As Managing Director and Head of Global Financial Strategies at Credit Suisse, Michael Mauboussin advises clients on valuation and portfolio positioning, capital markets theory, and competitive strategy analysis. He has also authored three books -- Think Twice, The Success Equation, and More Than You Know -- and is an adjunct professor of finance at the Columbia Business School, and chairman of the Board of Trustees at the Santa Fe Institute.
Once you have established an investing process -- Mauboussin's consists of Analysis, Behavior, and Organization -- how do you evaluate its effectiveness? An investing journal can be extremely helpful in providing a realistic look at past investment decisions.
A transcript follows the video.
Koppenheffer: The process versus outcome that you talk about, that was one of the real "eurekas" that I got from a lot of your work. If those are the tools that you need to build your process, what's the best way to go about evaluating your process, once you have a process in place?

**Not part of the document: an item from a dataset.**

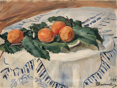 Nous vous proposons une reproduction artisanale sur toile du célèbre tableau 'Nature morte. Des oranges.' de Pyotr Konchalovsky, provenant du Musée de la Reproduction.

Mauboussin: Extremely difficult, but there are certain things you want to look for. One is that it's something that you can repeat over time; the idea of reliability, that it can be repeated. The second is, you want to make sure that it's economically sound, so we know that it's based on some foundational things that are very good.
Those, to me, are the main things to be looking for. Then you want to keep track of the kinds of decisions you've made, so you can see how effective you've been.
For example, I'm thinking about a stock and I think about probabilities of outcome. I might say, "There's a small chance something good will happen, an average chance not much will happen, and there's a small chance something bad will happen." Do that over time, for lots of different stocks, and keep track. It will give yourself quality feedback about how good you are, and how well-calibrated you are at making those kinds of judgments.
It's a tricky one to answer. I think evaluating processes in investing is a difficult thing to do, but a couple things on reliability, on economics, and keep track and monitor yourself, and give yourself that kind of feedback.
Koppenheffer: Keeping an investing journal would be the kind of thing that would help you out with that.
Mauboussin: An investing journal actually doesn't take much time, but it does take a fair bit of discipline. I think if you do one of these things, it's a little bit disconcerting because you look back in your journal and you start to realize ...
Koppenheffer: You see what you don't want to see!
Mauboussin: Yes. "Could I have believed that before?" Because the natural thing for all of us is that, once the world unfolds in front of us, we have hindsight bias -- which is that we start to believe that we knew what was going to happen with a greater probability than we did.
The second thing that happens is called creeping determinism, which is you start to believe that what happened is the only thing that could have happened. The reason is, you now have the facts, so your mind is quick to put it all together.
Fighting hindsight bias, fighting creeping determinism -- an investment journal is really effective in doing that. Also, as I mentioned before, it helps you understand how well calibrated you are. If you think a high probability event's going to happen, if it happens a lot, then you're pretty well calibrated. But if you say something's only going to happen 20% of the time, it should happen one out of five times.
Keeping track of those kinds of things takes a little bit of discipline. It doesn't take a lot of time or cost, but it takes discipline, and I think it can be extraordinarily helpful.